_ASSIGNMENT:_
From the material below, copy exactly the lines beginning with the one that contains "ବସ୍ତ୍ର, ୨୭/୮ (ନି.ପ୍ର): ବସ୍ତ୍ର" and ending with the one that contains "Furnassjön sedd från kraterkanten."; the pictures stay out.

_THE RECORDS:_
============================================================
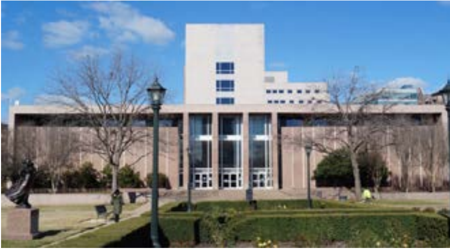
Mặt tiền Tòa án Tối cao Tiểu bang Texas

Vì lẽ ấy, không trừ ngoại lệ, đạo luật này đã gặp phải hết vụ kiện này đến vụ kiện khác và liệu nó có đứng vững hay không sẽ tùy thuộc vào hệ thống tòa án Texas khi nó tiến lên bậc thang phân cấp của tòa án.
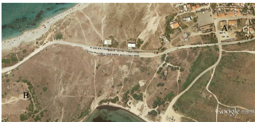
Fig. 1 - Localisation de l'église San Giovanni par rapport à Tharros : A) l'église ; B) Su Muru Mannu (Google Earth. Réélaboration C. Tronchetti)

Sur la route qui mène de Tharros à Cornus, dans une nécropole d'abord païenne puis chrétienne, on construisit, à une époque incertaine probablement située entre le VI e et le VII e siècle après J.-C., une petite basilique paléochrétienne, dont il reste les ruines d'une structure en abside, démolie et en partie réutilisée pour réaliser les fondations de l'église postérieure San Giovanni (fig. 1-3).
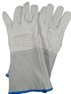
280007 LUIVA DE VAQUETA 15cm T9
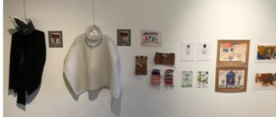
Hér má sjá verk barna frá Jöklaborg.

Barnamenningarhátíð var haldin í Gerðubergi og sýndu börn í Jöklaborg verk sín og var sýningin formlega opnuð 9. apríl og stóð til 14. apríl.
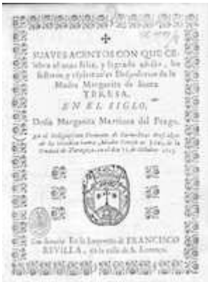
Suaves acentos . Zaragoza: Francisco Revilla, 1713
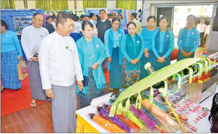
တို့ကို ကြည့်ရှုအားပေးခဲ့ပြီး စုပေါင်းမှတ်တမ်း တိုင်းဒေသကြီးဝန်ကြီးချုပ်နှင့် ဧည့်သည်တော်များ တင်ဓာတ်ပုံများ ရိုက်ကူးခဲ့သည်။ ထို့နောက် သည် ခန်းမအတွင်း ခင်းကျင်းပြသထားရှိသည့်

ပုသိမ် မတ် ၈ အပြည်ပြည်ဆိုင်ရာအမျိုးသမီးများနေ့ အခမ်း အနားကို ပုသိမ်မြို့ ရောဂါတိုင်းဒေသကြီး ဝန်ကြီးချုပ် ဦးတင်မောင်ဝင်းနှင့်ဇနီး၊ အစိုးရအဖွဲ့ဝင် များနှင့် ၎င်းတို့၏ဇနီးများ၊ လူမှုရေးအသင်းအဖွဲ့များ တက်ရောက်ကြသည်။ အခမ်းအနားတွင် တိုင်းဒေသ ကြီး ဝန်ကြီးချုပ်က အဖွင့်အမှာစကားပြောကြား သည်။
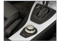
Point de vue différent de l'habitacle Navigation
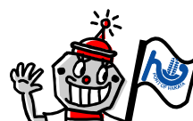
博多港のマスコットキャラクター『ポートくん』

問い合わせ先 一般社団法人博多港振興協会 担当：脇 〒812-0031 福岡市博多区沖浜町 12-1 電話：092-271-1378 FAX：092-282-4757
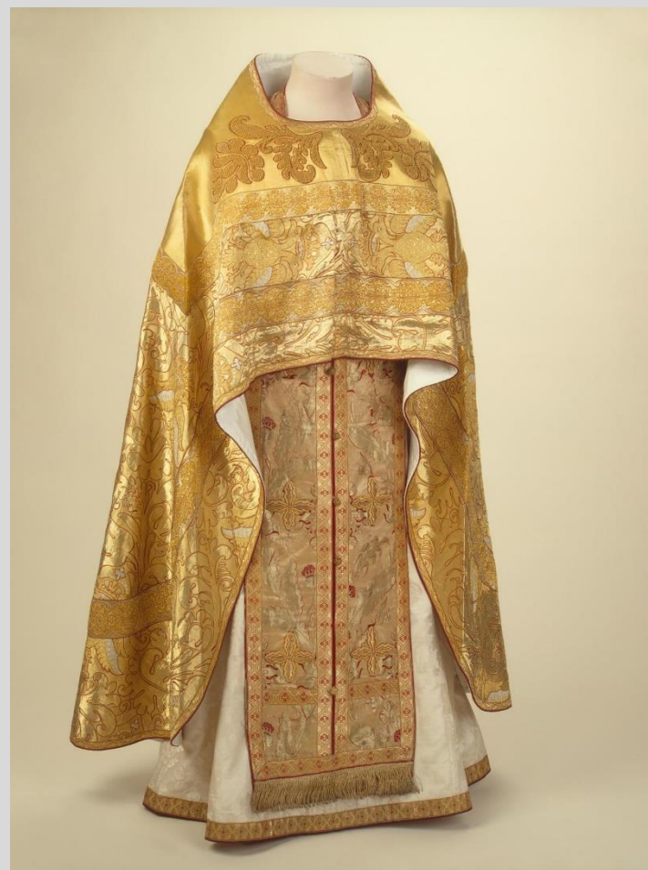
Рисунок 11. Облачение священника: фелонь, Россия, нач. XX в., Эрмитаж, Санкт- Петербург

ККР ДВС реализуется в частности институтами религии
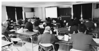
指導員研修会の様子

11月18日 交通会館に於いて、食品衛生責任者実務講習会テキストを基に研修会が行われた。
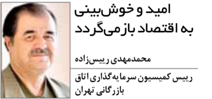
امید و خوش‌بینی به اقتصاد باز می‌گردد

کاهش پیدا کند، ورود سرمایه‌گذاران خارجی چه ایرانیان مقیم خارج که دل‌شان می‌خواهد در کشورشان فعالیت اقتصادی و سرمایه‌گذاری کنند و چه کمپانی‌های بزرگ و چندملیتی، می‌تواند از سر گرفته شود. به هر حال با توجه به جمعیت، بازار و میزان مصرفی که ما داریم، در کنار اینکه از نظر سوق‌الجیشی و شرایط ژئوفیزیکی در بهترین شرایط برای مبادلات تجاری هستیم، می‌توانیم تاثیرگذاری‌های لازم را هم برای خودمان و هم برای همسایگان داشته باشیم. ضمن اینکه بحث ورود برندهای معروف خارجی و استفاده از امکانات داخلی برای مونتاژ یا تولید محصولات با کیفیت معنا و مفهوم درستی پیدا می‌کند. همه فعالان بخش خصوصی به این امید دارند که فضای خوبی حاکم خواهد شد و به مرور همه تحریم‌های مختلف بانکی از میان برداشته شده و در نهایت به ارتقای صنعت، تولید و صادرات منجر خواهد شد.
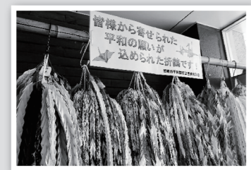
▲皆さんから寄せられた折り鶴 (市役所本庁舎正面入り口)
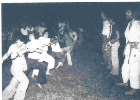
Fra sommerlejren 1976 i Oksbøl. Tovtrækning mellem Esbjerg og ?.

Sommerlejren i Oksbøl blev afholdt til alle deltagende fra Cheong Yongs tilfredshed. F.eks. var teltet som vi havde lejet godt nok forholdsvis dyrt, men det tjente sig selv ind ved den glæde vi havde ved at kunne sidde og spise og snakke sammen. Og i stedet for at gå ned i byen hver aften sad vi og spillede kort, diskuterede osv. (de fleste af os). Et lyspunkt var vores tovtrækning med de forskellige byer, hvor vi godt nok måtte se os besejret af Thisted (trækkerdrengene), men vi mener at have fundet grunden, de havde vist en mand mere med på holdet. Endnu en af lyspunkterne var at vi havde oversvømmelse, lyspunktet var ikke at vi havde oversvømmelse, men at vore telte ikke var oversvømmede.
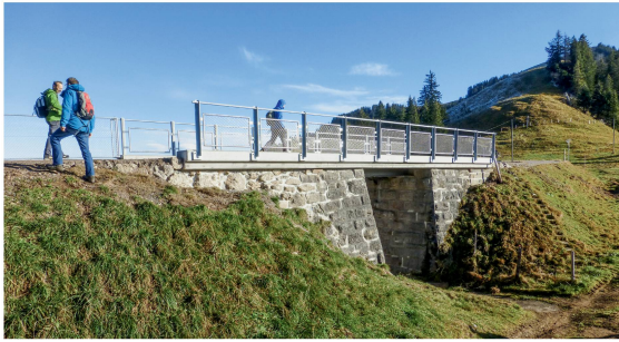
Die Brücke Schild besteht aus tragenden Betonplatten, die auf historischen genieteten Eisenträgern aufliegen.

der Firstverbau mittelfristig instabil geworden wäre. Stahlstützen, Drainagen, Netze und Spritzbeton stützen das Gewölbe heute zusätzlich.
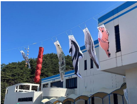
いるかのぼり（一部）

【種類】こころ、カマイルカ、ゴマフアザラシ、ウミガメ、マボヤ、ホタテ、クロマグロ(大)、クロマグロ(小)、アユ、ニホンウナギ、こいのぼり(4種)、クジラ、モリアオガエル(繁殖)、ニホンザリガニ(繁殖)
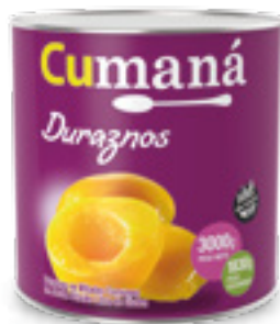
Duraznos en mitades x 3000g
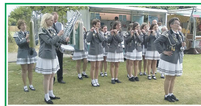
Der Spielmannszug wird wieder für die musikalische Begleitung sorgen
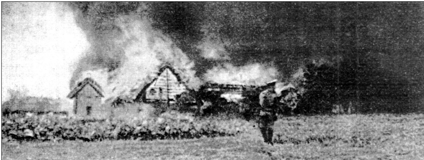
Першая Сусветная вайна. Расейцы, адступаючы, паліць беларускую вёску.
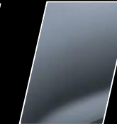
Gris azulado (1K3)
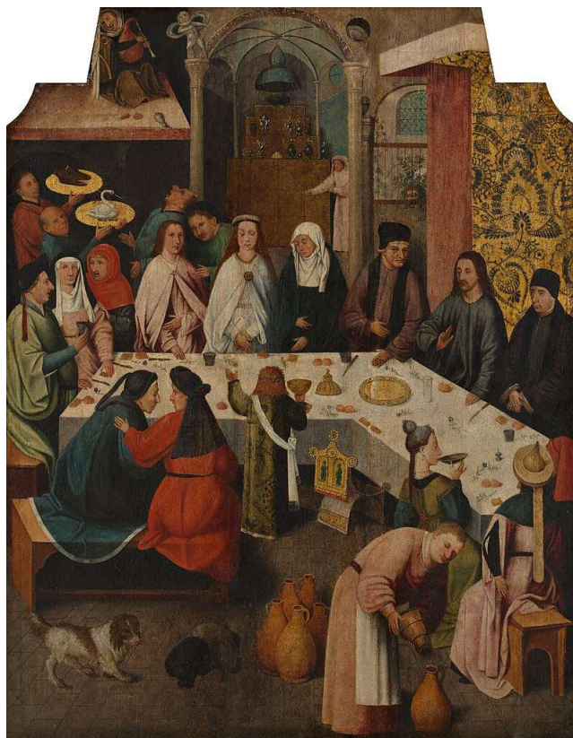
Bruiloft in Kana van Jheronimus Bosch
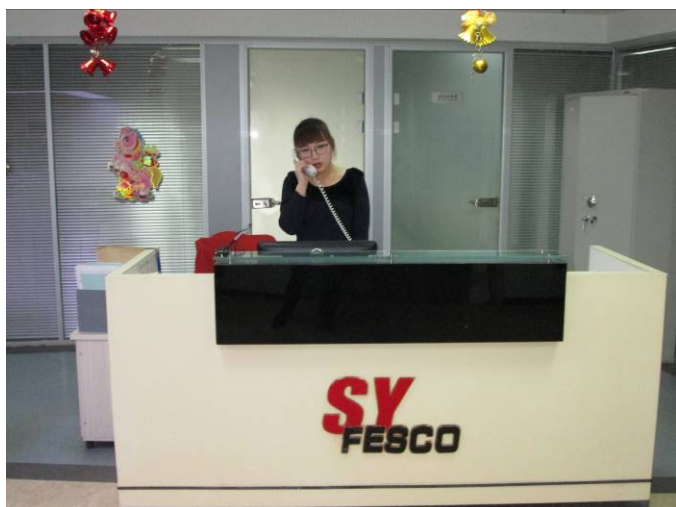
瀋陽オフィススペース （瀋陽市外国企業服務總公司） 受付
============================================================
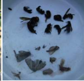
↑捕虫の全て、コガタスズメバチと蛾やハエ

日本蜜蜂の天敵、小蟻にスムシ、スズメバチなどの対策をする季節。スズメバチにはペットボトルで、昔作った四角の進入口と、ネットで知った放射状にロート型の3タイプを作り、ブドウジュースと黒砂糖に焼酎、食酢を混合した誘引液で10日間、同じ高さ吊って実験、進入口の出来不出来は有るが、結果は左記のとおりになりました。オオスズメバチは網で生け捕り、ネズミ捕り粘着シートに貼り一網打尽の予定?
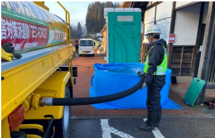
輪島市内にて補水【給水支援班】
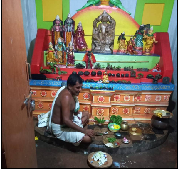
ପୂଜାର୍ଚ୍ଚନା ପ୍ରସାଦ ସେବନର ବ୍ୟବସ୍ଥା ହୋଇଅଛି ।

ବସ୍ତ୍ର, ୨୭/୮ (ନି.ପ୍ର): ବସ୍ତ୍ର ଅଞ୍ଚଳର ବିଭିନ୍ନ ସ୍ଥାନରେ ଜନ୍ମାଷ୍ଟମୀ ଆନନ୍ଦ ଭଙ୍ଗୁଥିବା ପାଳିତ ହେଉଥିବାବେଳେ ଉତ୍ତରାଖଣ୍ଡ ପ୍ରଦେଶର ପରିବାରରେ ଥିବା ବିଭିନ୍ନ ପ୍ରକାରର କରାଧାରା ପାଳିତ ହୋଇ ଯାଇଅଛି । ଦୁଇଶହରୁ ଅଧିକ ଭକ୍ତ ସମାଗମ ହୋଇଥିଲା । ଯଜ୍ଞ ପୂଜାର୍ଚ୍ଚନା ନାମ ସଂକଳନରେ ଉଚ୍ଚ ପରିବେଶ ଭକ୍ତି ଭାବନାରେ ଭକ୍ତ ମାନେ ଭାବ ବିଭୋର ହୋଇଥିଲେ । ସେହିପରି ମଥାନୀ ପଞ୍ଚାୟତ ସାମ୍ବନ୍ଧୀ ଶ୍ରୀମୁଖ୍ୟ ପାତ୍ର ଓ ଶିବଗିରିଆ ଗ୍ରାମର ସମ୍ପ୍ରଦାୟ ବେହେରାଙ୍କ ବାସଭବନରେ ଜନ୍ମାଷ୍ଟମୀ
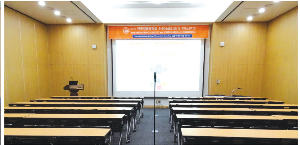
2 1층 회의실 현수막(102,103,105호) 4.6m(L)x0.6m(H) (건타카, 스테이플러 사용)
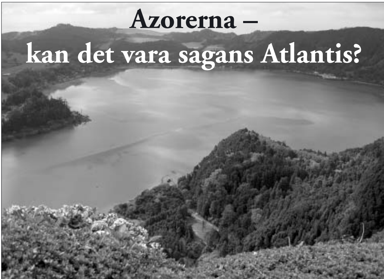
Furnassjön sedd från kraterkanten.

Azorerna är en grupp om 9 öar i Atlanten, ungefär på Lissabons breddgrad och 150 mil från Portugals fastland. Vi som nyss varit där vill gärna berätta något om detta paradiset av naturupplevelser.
============================================================
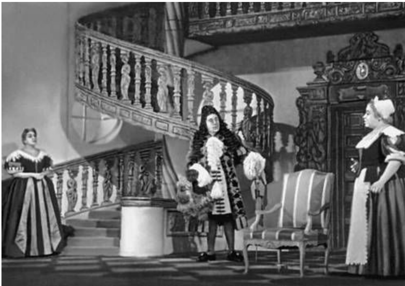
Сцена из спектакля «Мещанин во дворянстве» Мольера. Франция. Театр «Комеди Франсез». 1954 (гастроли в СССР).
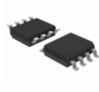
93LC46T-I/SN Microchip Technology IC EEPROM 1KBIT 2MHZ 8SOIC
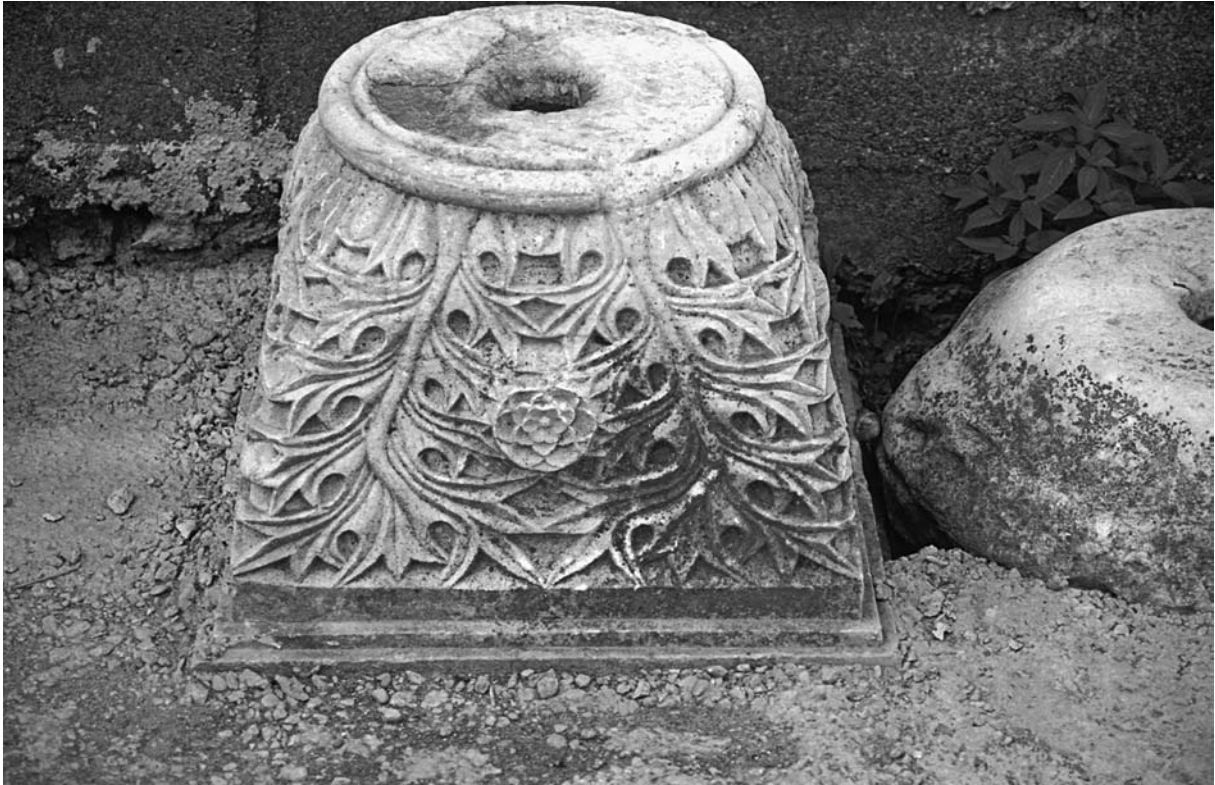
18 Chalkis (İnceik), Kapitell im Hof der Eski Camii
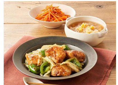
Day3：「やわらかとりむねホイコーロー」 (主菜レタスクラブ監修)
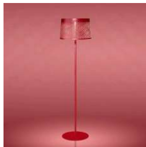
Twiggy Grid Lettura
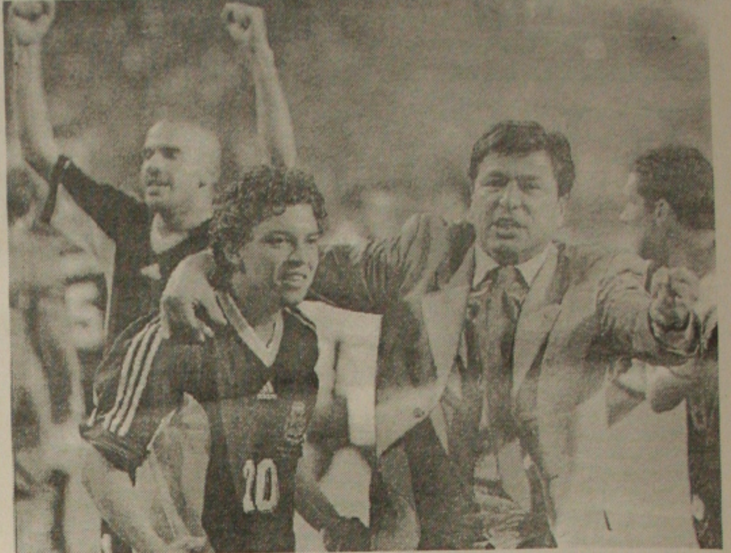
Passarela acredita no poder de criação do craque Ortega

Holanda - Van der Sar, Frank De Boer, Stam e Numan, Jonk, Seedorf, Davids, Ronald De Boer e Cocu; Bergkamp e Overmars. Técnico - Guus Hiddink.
============================================================
_RESPONSE:_
ବସ୍ତ୍ର, ୨୭/୮ (ନି.ପ୍ର): ବସ୍ତ୍ର ଅଞ୍ଚଳର ବିଭିନ୍ନ ସ୍ଥାନରେ ଜନ୍ମାଷ୍ଟମୀ ଆନନ୍ଦ ଭଙ୍ଗୁଥିବା ପାଳିତ ହେଉଥିବାବେଳେ ଉତ୍ତରାଖଣ୍ଡ ପ୍ରଦେଶର ପରିବାରରେ ଥିବା ବିଭିନ୍ନ ପ୍ରକାରର କରାଧାରା ପାଳିତ ହୋଇ ଯାଇଅଛି । ଦୁଇଶହରୁ ଅଧିକ ଭକ୍ତ ସମାଗମ ହୋଇଥିଲା । ଯଜ୍ଞ ପୂଜାର୍ଚ୍ଚନା ନାମ ସଂକଳନରେ ଉଚ୍ଚ ପରିବେଶ ଭକ୍ତି ଭାବନାରେ ଭକ୍ତ ମାନେ ଭାବ ବିଭୋର ହୋଇଥିଲେ । ସେହିପରି ମଥାନୀ ପଞ୍ଚାୟତ ସାମ୍ବନ୍ଧୀ ଶ୍ରୀମୁଖ୍ୟ ପାତ୍ର ଓ ଶିବଗିରିଆ ଗ୍ରାମର ସମ୍ପ୍ରଦାୟ ବେହେରାଙ୍କ ବାସଭବନରେ ଜନ୍ମାଷ୍ଟମୀ
2 1층 회의실 현수막(102,103,105호) 4.6m(L)x0.6m(H) (건타카, 스테이플러 사용)
Furnassjön sedd från kraterkanten.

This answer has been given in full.